Summary of carbapenem nonsusceptibility mechanisms for K. pneumoniae with β-lactamase amplifications^a

Carbapenem resistance status	Sample	MLST	ompK36 b	ompK35 b	ESBL CNV	OXA-1 CNV	TEM-1 CNV	CARB CNV	mGE + β-lactamasec	Genomic context	Amp. Pred.d
CIKp	MB9017	307	p.D51RfsX37	ND	2.3	1.0	2.2	ND	IS26-blaCTX-M-15/blaOXA-1/blaTEM-1b	Chromosome	MGE
Non-CP-CRKp	MB6487	15	ISEcp1 18 bp +1 ATG	ND	11.4	ND	1.1	ND	ISEcp1-blaCTX-M-15;Tn2-like transposon	Chromosome + plasmid	MGE
	MB3028	17	p.Q66X	ND	2.2	ND	ND	ND	IS26/ISEcp1-blaCTX-M-15	Plasmid	PCN
	MB8190	29	p.Q310X	ND	5.5	6.4	4.2	ND	ISEcp1-blaCTX-M-15/blaOXA-1/blaTEM-1b	Chromosome + plasmid	MGE
	MB9509	45	p.L305X	ND	8.5	ND	ND	ND	IS903B-blaSHV-7**	Plasmid	PCN
	MB2966	280	ISEcp1 TPU1 bp +1 ATG	ND	2.7	0.9	2.0	ND	ISEcp1-blaCTX-M-15/blaTEM-1b;IS26-blaOXA-1	Chromosome + plasmid	MGE
	MB6013	307	p.D33EfsX4	p.W230X	5.7	4.9	1.0	ND	IS26-blaCTX-M-15/blaOXA-1;IS26-blaOXA-1	Plasmid	MGE
	MB4773	307	p.Q70X	ND	4.0	3.6	0.9	ND	IS26-blaCTX-M-15/blaOXA-1;IS26-blaTEM-1b	Plasmid	MGE
	MB3935	307	p.E87X	p.G208VfsX6	3.2	ND	1.1	ND	ISEcp1-blaCTX-M-15;Tn2-like transposon	Plasmid	MGE
	MB6483	870	c.950_951insIS26 TU	ND	5.0	ND	0.9	ND	IS26-blaCTX-M-15/blaTEM-1bISEcp1-blaCTX-M-15;	Chromosome + plasmid	MGE
	MB7964	2004	c.1115_1116insISEcp1TPU	ND	3.6	1.7	1.6	ND	ISEcp1-blaCTX-M-15/blaOXA-1/blaTEM-1b	Chromosome + plasmid	MGE
	MB6413e	4060	p.A12AfsX11	ND	6.4	ND	ND	ND	ISEcp1-blaCTX-M-15	NA	NA
CPKp	KB346e	11	p.G134_D135dup	p.L28LfsX36	0.6 (CTX-M)6.1 (SHV)	0.7	0.5	0.6	Tn4401a-blaKPC-2;blaCTX-M-65;blaSHV-12;blaOXA-1;blaTEM-1b;	NA	NA
	MB9481	14	p.G134_D135dup	ND	3.3	0.5	ND	0.9 (NDM)0.8 (OXA-48)	Tn125-blaNDM-1;ISEcp1-blaCTX-M-15;ISKpn26-blaOXA-48;IS26-blaOXA-1	Chromosome + plasmid	MGE
	MB3242	15	ND	ND	ND	ND	ND	2.9	Tn4401a-blaKPC-2	Plasmid	PCN
	MB5951e	15	ND	ND	2.1	ND	1.8	2.0	Tn4401a-blaKPC-2;ISEcp1-blaCTX-M-15;blaTEM-1b	NA	NA
	MB7231	29	ISKpn14 46 bp +1 ATG	ND	2.4	2.0	2.7	1.7	Tn4401a-blaKPC-2;ISEcp1-blaCTX-M-15/blaOXA-1/blaTEM-1b	Chromosome + plasmid	MGE + PCN
	MB8806	307	p.G134_D135dup	p.G208VfsX6	2.3	ND	2.4	1.4	Tn4401a-blaKPC-2;ISEcp1-blaCTX-M-15IS26-blaTEM-1b	Chromosome + plasmid	MGE

^aND, not detected; MGE, mobile genetic element; PCN, plasmid copy number; NA, not applicable.
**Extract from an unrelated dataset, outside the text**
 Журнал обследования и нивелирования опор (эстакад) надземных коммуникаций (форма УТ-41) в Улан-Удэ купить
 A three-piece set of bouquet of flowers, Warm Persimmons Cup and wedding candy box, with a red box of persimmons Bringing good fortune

^bOuter membrane porin mutations for frameshifts and insertions/deletions notated in amino acid mutation nomenclature. Otherwise, insertion sequence (IS) disruptions are noted in nucleotide space. IS notated with “bp + 1 ATG” indicate IS insertions upstream of the outer membrane porin (omp) gene in the promoter region.

^cβ-lactamase genes without preceding insertion sequence and NOT in the same mobilization unit (delimited by “/”) do not have sufficient genomic context for MGE estimate. **,Cannot differentiate copy number variants from homologs (i.e., genes with > 95% identity).
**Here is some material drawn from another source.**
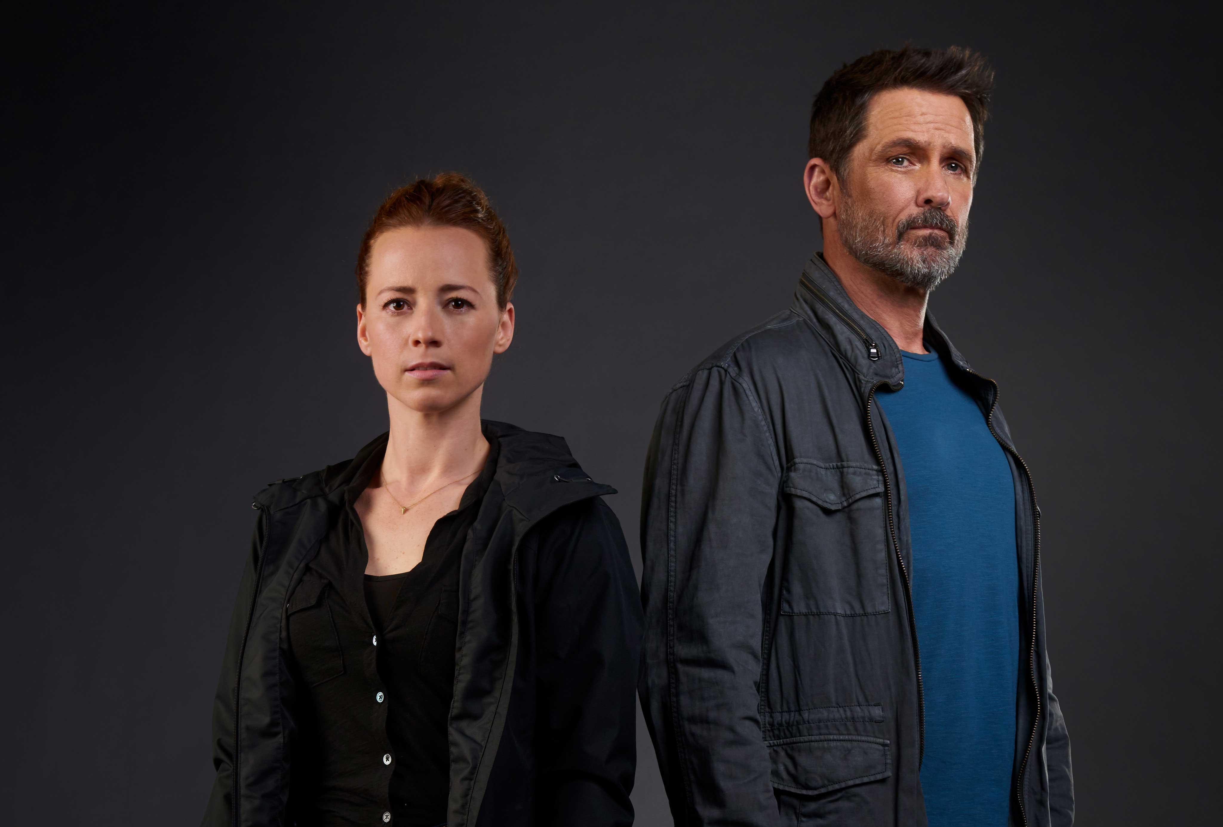 Karine Vanasse as Det. Lise Delorme and Billy Campbell as John Cardinal/Photo Credit: CTV, eOne Entertainment

^dAmp. Pred. = amplification prediction. Plasmid copy number contributions were based on normalized coverage depths of full-length plasmid harboring β-lactamase = 1.5×, which indicates approximately 50% of the population has 2 copies of the β-lactamase positive plasmid.

^eIncomplete and/or short-read assemblies only preclude an estimate of genomic context of β-lactamase gene amplification.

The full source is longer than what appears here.